Затем он был генералом для поручений при командующем 4-й армией, а 8 августа 1916 года принял весьма ответственную должность генерал-квартирмейстера штаба Северного фронта. На этом посту, который дал Болдыреву возможность прийти в тесное соприкосновение с общеполитическими вопросами и настроениями правящих петроградских кругов, его и застигла Февральская революция. Добавим еще, что отречение Николая II совершилось на глазах у Болдырева и у него же в первое время хранился сам акт об отречении.
Болдырев написал также ряд научных военных трудов, как то: «Бой на Шахе», «Автомобиль и его техническое применение», «Тактическое применение прожектора», «Атака укрепленных позиций» и др.
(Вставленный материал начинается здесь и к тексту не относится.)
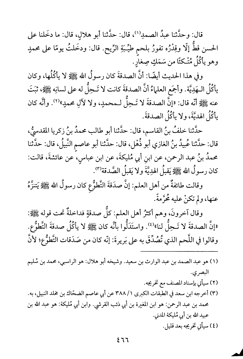 حدَّثنا خلفُ بنُ القاسم، قال: حدَّثنا أبو طالب محمدُ بنُ زكريا المقدسيُّ، قال: حدَّثنا عُبيدُ بنُ الغازي أبو ذُهْل، قال: حدَّثنا أبو عاصمٍ النَّبيلُ، قال: حدَّثنا محمدُ بنُ عبد الرحمن، عن ابنِ أبي مُليكةَ، عن ابن عباسٍ، عن عائشةَ، قالت: كان رسولُ الله - صلى الله عليه وسلم - يَقبلُ الهدِيَّةَ ولا يَقبلُ الصدقة (¬٣).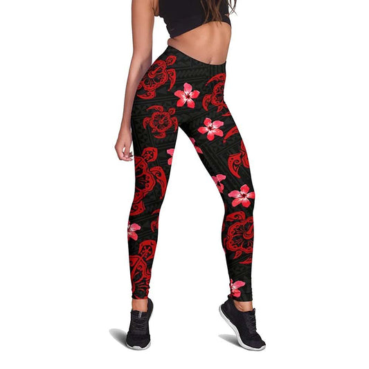 Hawaii Polynesian Personalised Legging - Vintage Polynesian Turtle (Red)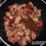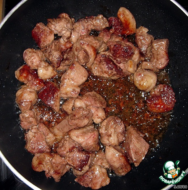 Мясо нарезать кубиками и обжарить до золотистого цвета на большом огне.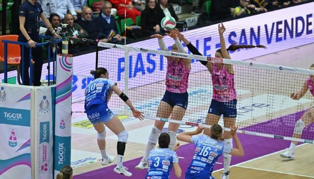 3月16日凌晨,女排意甲半决赛首场比赛开打,科内利亚诺队在主场迎战诺瓦拉队。本场比赛双方战满5局,科内利亚诺让二追三3-2实现大逆转,在五场三胜的系列赛当中1-0占得先机。中国球员朱婷在比赛中拿下21分,并荣膺单场MVP。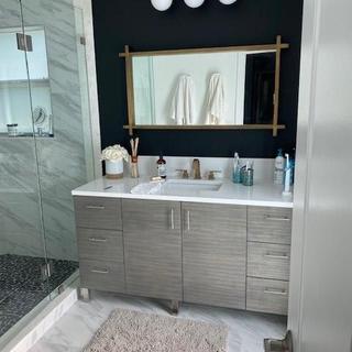 Looked at so many bathroom lights, and very happy I chose this one. Looks very modern, and the light is incredibly bright. I had an electrician install this light.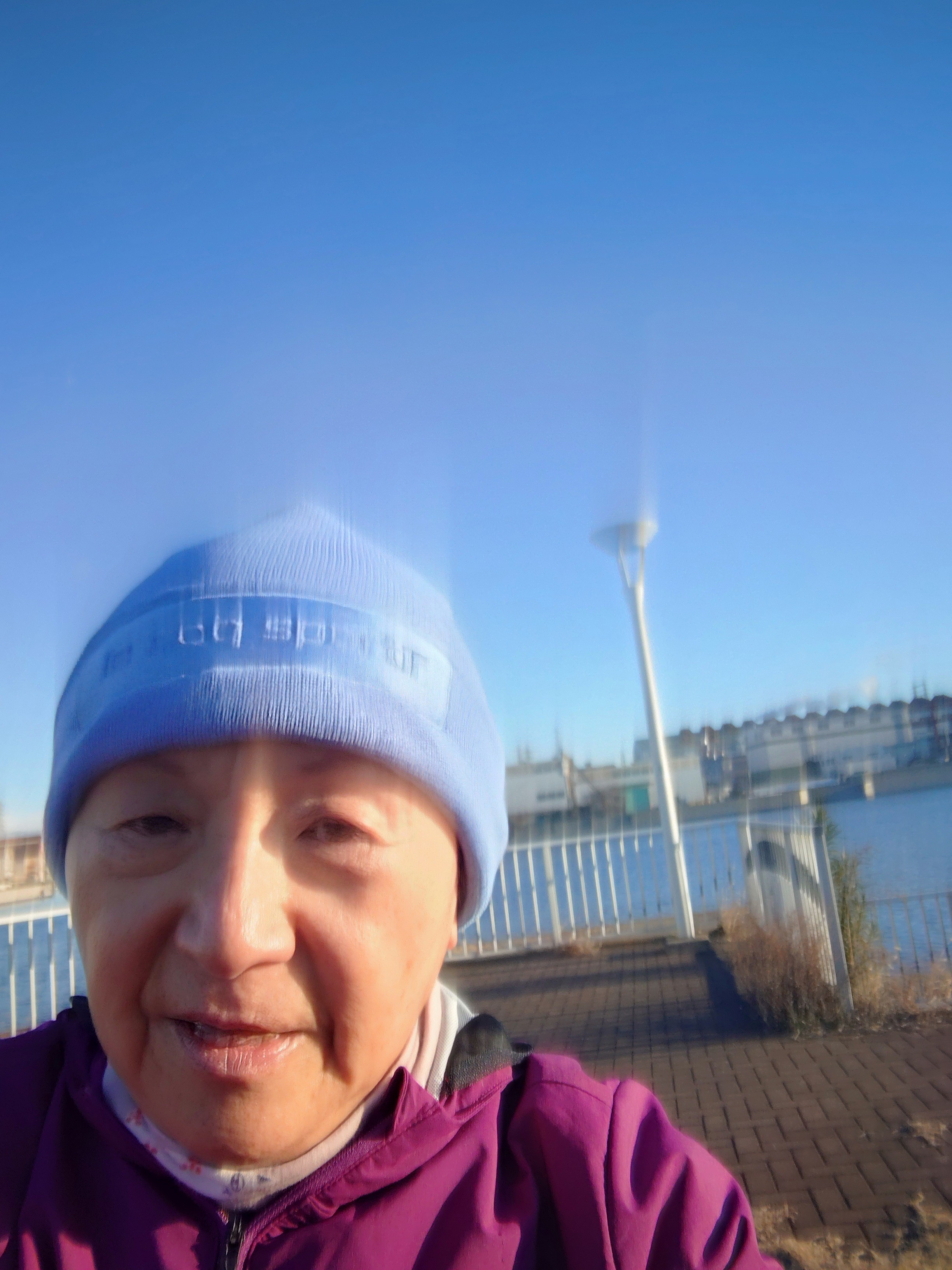 イヤーウォーマーから、毛糸の帽子に変えて、足にはレッグウォーマーをして走ってる。

Эти краткие биографические данные показывают, что в лице Болдырева перед нами не тот типичный царский генерал, который вышел в люди, добился чинов и орденов и достиг высокого положения благодаря своему дворянскому происхождению, вследствие содействия влиятельной родни или таких власть имущих лиц, как Распутин. Как-никак, но в лице Болдырева перед нами — сейчас, правда, бывший — царский генерал, вышедший из пролетарских рядов. Не думаем, чтобы армия числила в своих рядах многих таких генералов. Недюжинными же способностями и исключительными военными знаниями должен был обладать этот выходец из пролетариев, которому в царское время удалось пробить себе дорогу и, вопреки кастовым предрассудкам высшего русского косного офицерства, занять одну из верхних ступеней военной иерархической лестницы. И уж во всяком случае слишком должен был деклассироваться этот пролетарий, если ему удалось заслужить полнейшее царское доверие. Правда, среди преподавателей Академии Генштаба Болдырев, как нас уверяют, слыл «демократом», но этот демократизм был столь эфемерного свойства, что он, с одной стороны, не вызывал к себе никакого и ничьего подозрения, а с другой стороны — ничуть не мешал Болдыреву служить царю верой и правдой, тем более что только такой службой можно было обеспечить себе карьеру, а делал эту карьеру Болдырев, как мы видели, с головокружительной быстротой. И понятно, что первые дни Февральской революции, когда окончательно еще не было известно, «чья возьмет», Болдырев, как и все прочие генералы Ставки, принимал деятельное участие в охране царя.
Когда же Февральская революция стала совершившимся фактом, то Болдырев сделал сдвиг в сторону демократизма, но это был сдвиг «постольку-поскольку». Его демократизм тем более не мог мириться с теми началами, которые провозглашены были Октябрьской революцией, ибо эта революция сводила на нет все то, ради чего и во имя чего жил и работал наш бывший царский генерал. И Болдырев поэтому уходит в лагерь контрреволюционеров, чтобы вести борьбу с «захватчиками» законной власти.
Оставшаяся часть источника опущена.